Millions of Pages Google Hijacked using ODP Feed
The Real Nick W writes "Threadwatch reports that millions of pages are being Google Hijacked using the 302 redirect exploit and the ODP's RDF dump. The problem has been around for a couple of years and is just recently starting to make major headlines. By using the Open Directory's data dump of around 4 million sites, and 302'ing each of those sites, the havoc being wreaked on the Google database could have catastrophic effects for both Google and the websites involved."
Google has the records, and probably the original
site exists with behavior dependent on browser name
being GoogleBot or not. The replacement site will
generally have some way of making money, which can
be tracked via financial transactions.
For at least the last 18-24 months it's been increasingly difficult to find non-spam/redirect/affiliate program links for a search on any popular consumer product on Google. Maybe they have too much faith in their current PageRank and think it needs to be tweaked instead of overhauled. Maybe they think they have enough momentum and don't care. They certainly should have the talent and resources to do something about this and it's kind of sad that they haven't. I predict we'll see another whizzy side project in a few months instead.
The thing is that all they have to do is keep it just good enough that people won't leave. Remember, AdWords is Google's product, everything else [gmail, orkut, etc] they've got is just a way to show you those ads. Google's success is entirely because they had clearly better search results than anyone else. If another company can clearly best them then Google may be in trouble.
My site the humor archives has been affected by this. I can tell because if you do the following search you can see a bunch of sites that are/were 302ing to my domain.
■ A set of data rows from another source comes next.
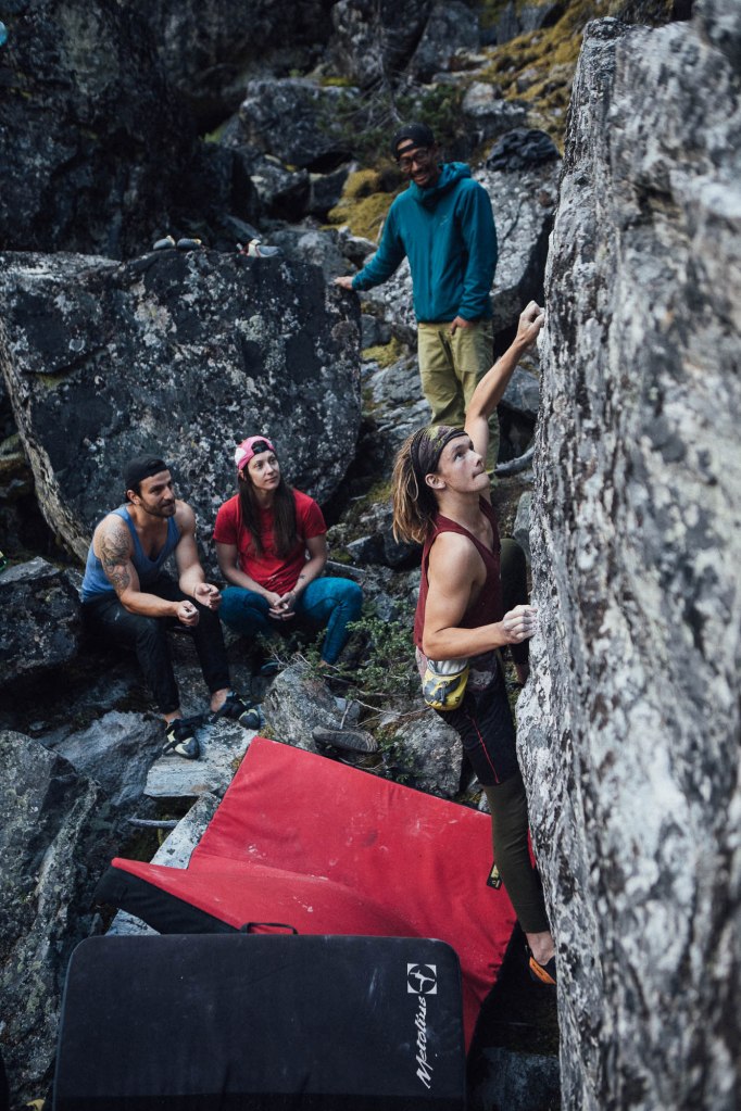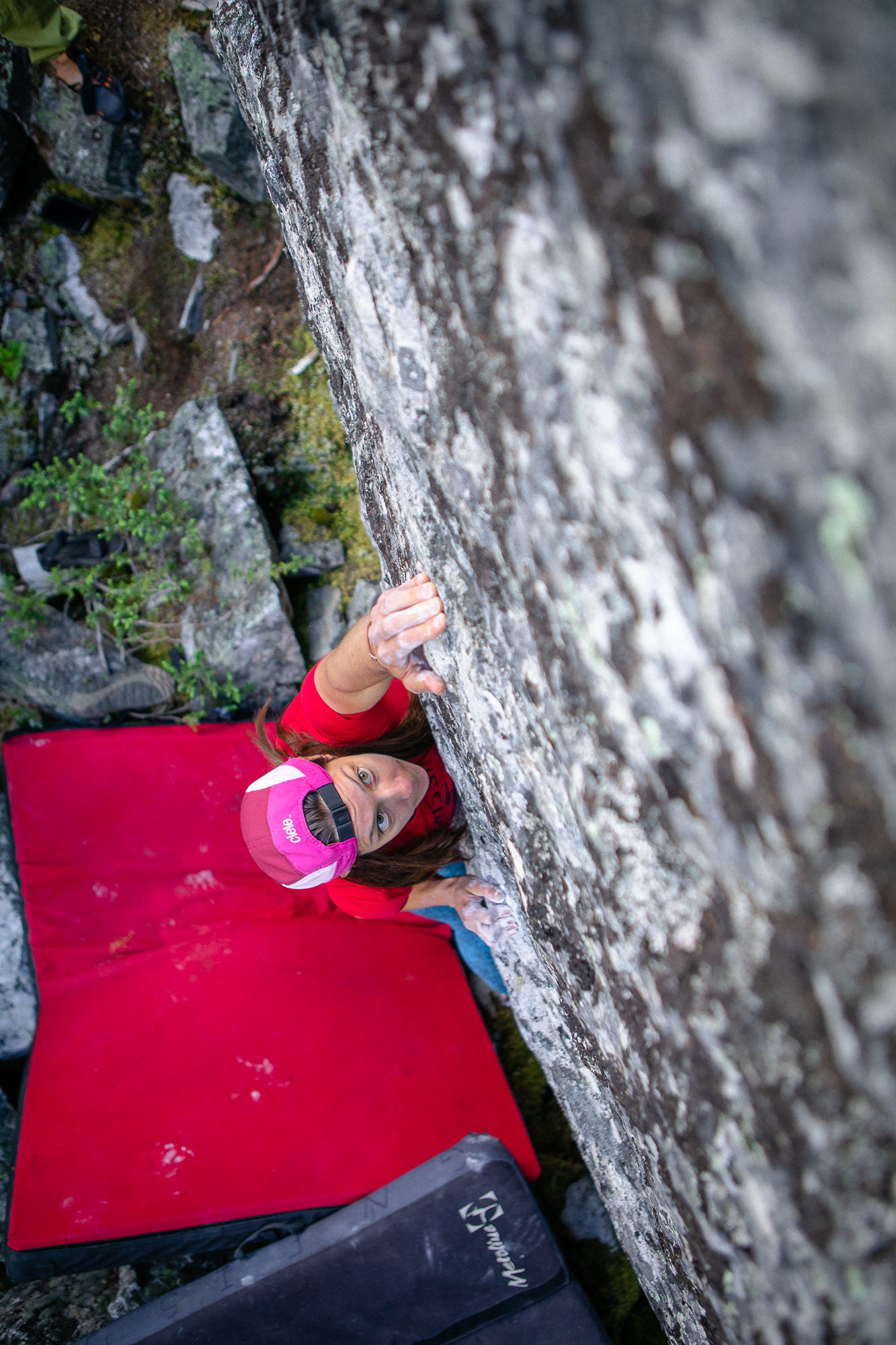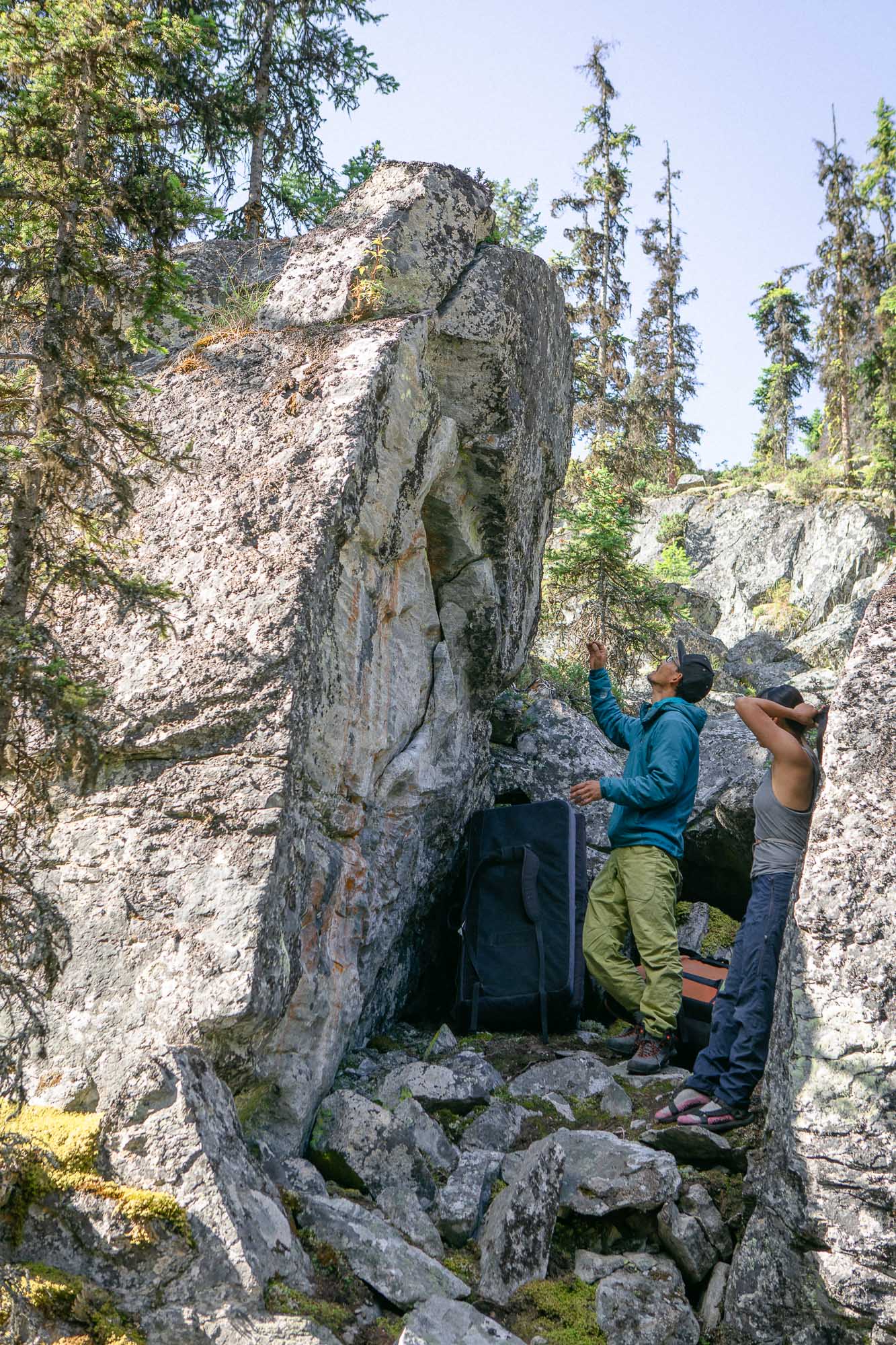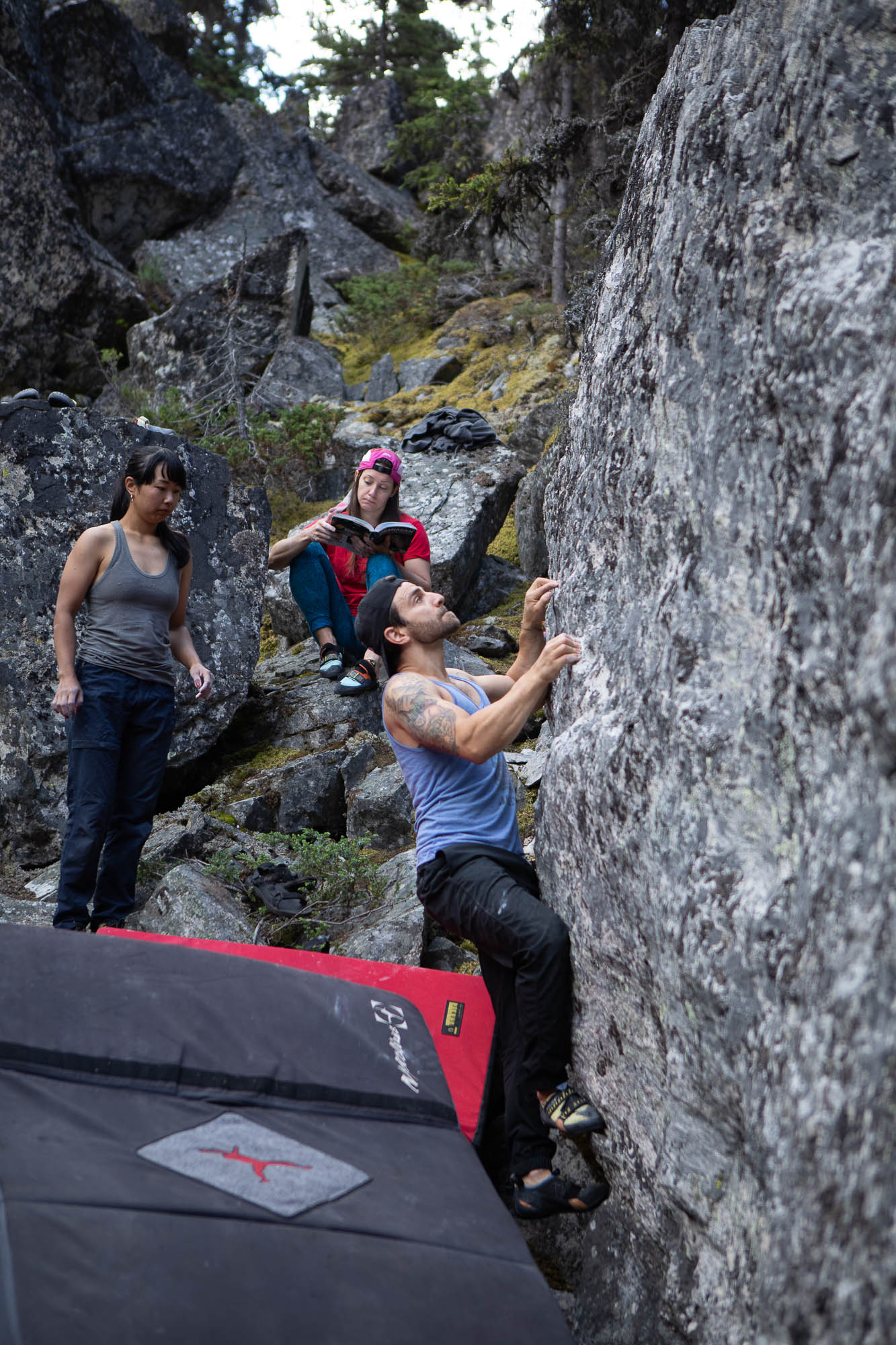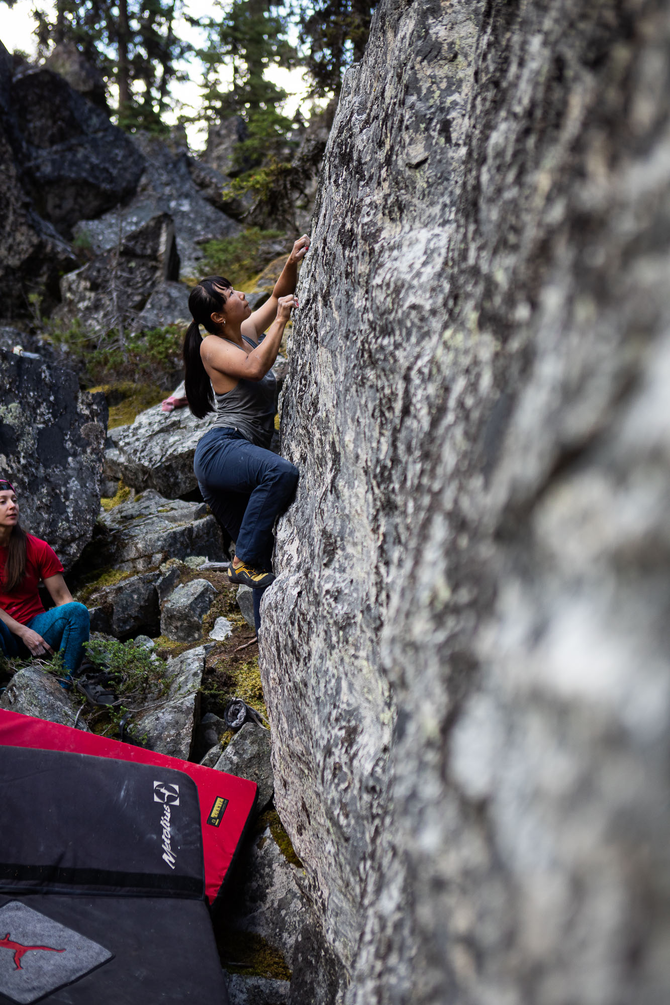 After warm up climbs, we moved to a V6 problem. It starts low on a big boulder, and the line goes up with crimps and sidepulls. We could not climb it, but it was very fun to try.
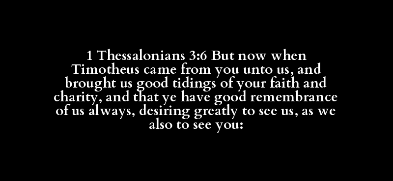 1 Thessalonians 3:6 But now when Timotheus came from you unto us, and brought us good tidings of your faith and charity, and that ye have good remembrance of us always, desiring greatly to see us, as we also to see you:
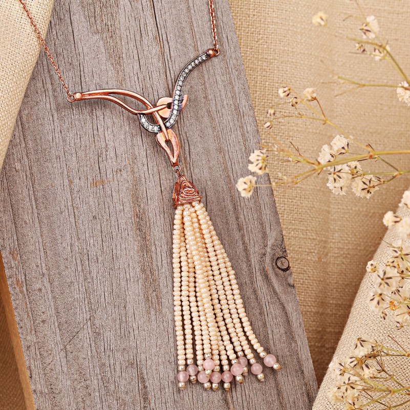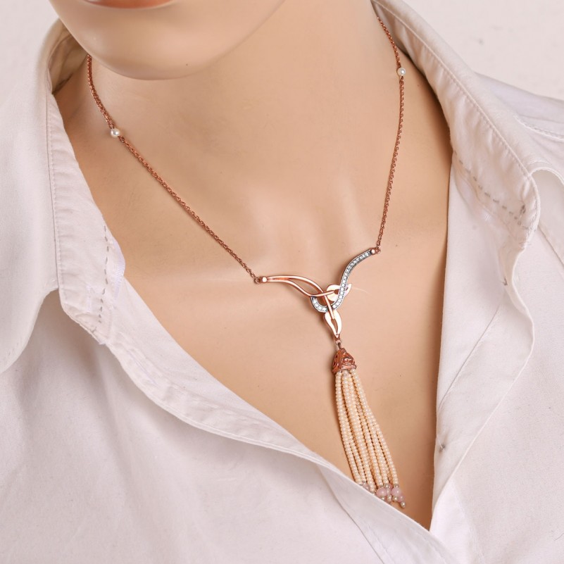 Великолепное колье из серебра 925 пробы, выполненное в восточном стиле, воплощает элегантность, роскошь и утончённый восточный шик. Центральные акценты украшения – розовый кварц и искусственно выращенный жемчуг, создающие гармоничный контраст и подчёркивающие грацию и женственность.
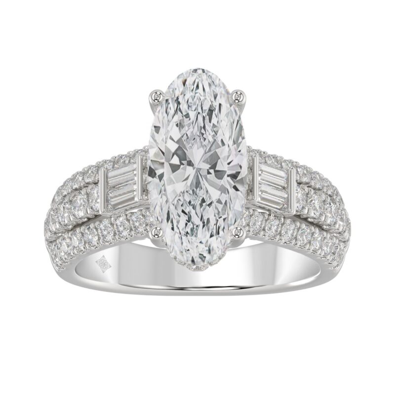 Ladies 14K White Gold ladies Ring Featuring Round Half-Moon & Baguette Diamonds 3.00CT Oval Center stone (Color F-G -Clarity VS1/VS2)
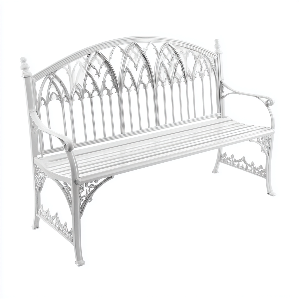 Elegancka ławka ogrodowa w stylu gotyckim, wykonana z metalu w kolorze białym. Jej oparcie zdobią efektowne, strzeliste łuki inspirowane architekturą katedralną, co nadaje meblowi majestatyczny i artystyczny charakter. Idealna do klasycznych ogrodów, oranżerii czy reprezentacyjnych tarasów.

I'm pretty pissed off and I seriously hope Google act soon to rectify the matter.
----
Frankly, I'd like to see Google start blocking content-free traffic-boosting sites from the page results entirely.
:-)
Google has login accounts, so let logged-in users have a link saying "report spam site". Track who files the most reliable reports, and if a few of those people all agree that a site is spam, nuke its pagerank.
See how OpenRatings does reliability calculations for more info. Or buy them
GCHQ Quantum Insert installed. If only our tongues were made of glass, how much more careful we would be when we speak
I'm surprised nobody has mentioned that Yahoo has already closed the 302 hole.
sigs are a waste of space
here's my write-up on the problem from early February called Google and the Mysterious Case of the 1969 Pagejackers. the problem has been around for a long, long time.
;)
personally, i'm ready to give up google maps or something else (autolink?) if they would 'fix' this or at least be more transparent about what's going on.
btw, the word on the net is that the googleguy posting here isn't the real one. anybody have details on this?
-kpaul
J-Log: Journalism News, Media Views
I think a resonable solution to this would be for Google to send a second spider to the site for every 302 Redirect they find, with a user-agent indicating its IE or any other browser. Then compare the data.
Although, they could probably still figure out it's google by their IP, but it's a step in the right direction.
Bugs are just features that have been fixed.